Il Sudafrica è ancora l’economia più industrializzata del continente ma le infrastrutture sono cadenti. “State of disaster” era stato costretto ad ammettere Cyril Ramaphosa, il presidente che si ricandida per un secondo mandato. R’ ormai da un decennio che gli investimenti stranieri diretti non sono più dell’1% del Pil. Nel 2023 il Prodotti interno lordo è cresciuto dello 0,6%, forse dell’1,6 nei prossimi due anni.

Non è così che doveva andare. La formula di Mandela e del successore Tabo Mbeki, era il gradualismo: il potere politico era passato ai neri, l’80% della popolazione; il trasferimento di quello economico, sarebbe stato progressivo. Era previsto che entro il 1999, alla fine del mandato presidenziale di Mandela, il 30% delle terre coltivate sarebbe stato controllato dalla maggioranza nera.
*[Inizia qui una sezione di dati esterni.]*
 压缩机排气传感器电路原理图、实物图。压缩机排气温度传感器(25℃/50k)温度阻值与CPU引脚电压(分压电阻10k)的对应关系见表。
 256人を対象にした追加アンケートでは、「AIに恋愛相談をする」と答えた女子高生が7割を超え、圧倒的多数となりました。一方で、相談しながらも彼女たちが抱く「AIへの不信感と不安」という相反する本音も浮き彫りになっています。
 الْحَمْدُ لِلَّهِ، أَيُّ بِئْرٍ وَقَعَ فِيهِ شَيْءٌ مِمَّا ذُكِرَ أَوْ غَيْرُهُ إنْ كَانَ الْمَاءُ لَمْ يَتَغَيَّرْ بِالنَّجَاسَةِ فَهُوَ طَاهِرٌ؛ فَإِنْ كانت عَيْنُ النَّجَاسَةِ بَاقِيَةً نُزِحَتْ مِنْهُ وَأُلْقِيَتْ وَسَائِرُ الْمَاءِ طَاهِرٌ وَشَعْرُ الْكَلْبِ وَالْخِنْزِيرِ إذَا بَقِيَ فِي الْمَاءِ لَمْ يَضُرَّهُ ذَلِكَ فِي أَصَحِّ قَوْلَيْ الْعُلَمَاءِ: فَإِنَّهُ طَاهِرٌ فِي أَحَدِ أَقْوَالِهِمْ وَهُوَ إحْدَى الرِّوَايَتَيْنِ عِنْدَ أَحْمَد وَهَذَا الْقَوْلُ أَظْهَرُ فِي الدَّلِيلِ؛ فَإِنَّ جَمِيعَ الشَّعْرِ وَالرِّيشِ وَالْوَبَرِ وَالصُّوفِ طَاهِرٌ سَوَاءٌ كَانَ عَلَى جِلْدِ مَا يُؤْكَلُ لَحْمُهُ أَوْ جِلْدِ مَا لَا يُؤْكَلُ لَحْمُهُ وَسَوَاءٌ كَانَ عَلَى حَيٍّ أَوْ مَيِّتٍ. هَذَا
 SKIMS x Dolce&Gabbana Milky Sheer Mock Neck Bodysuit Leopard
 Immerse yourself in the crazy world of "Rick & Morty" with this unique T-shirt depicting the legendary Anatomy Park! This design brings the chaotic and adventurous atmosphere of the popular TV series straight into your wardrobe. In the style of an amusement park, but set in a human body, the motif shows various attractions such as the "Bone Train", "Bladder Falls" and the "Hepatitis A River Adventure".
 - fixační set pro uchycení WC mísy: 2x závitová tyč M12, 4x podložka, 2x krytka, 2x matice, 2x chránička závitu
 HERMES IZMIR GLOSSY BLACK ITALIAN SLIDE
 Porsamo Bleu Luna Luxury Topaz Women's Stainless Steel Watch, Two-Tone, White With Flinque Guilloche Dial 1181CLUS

Ma nel 2013, quando Mandela morì, era solo il 7. E il 17% della capitalizzazione alla Borsa di Johannesburg era posseduto dai neri.

Nelson Mandela aveva impedito una guerra civile ma la transizione e l’equilibrio dei poteri non fu mai realizzato davvero: Il “Black Economic Empowerment” è stato troppo lento e tutt’altro che trasparente.
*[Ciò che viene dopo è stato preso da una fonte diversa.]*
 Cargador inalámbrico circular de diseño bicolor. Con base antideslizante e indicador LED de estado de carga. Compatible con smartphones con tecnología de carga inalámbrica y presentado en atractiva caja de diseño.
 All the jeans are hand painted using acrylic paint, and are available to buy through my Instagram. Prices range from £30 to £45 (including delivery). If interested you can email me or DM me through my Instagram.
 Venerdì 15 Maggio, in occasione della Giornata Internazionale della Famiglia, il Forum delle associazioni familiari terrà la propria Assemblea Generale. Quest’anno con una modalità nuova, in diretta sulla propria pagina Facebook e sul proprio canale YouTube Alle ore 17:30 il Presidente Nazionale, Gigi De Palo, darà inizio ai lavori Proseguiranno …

Da forza politica della liberazione, rileva ancora l’Ispi, l’Anc si è progressivamente trasformato nel gestore di un sistema sempre più corrotto. Soprattutto nei due mandati di Jacob Zuma, dal 2009 al 2018. Nel 2022, alla fine della sua indagine, il controllore pubblico Thuli Madonsela usò la definizione “State capture” per descrivere ciò che era accaduto: l’intero sistema era stato catturato da un piccolo gruppo di corrotti.

Alle elezioni del 2019 l’Anc aveva conquistato il 57,50% dei voti, mai così poco. E aveva perso aree metropolitane fondamentali come Johannesburg e Tshwane (Pretoria). Oltre alla più avanzata provincia del Western Cape, persa molto tempo prima. A Città del Capo è anche nato un movimento separatista, il Capexit. Nelle elezioni dell’anno scorso l’Anc ha preso ancora il 40%, un risultato che non appariva scontato alla vigilia, ma per la prima volta dal 1994 non ha ottenuto la maggioranza assoluta.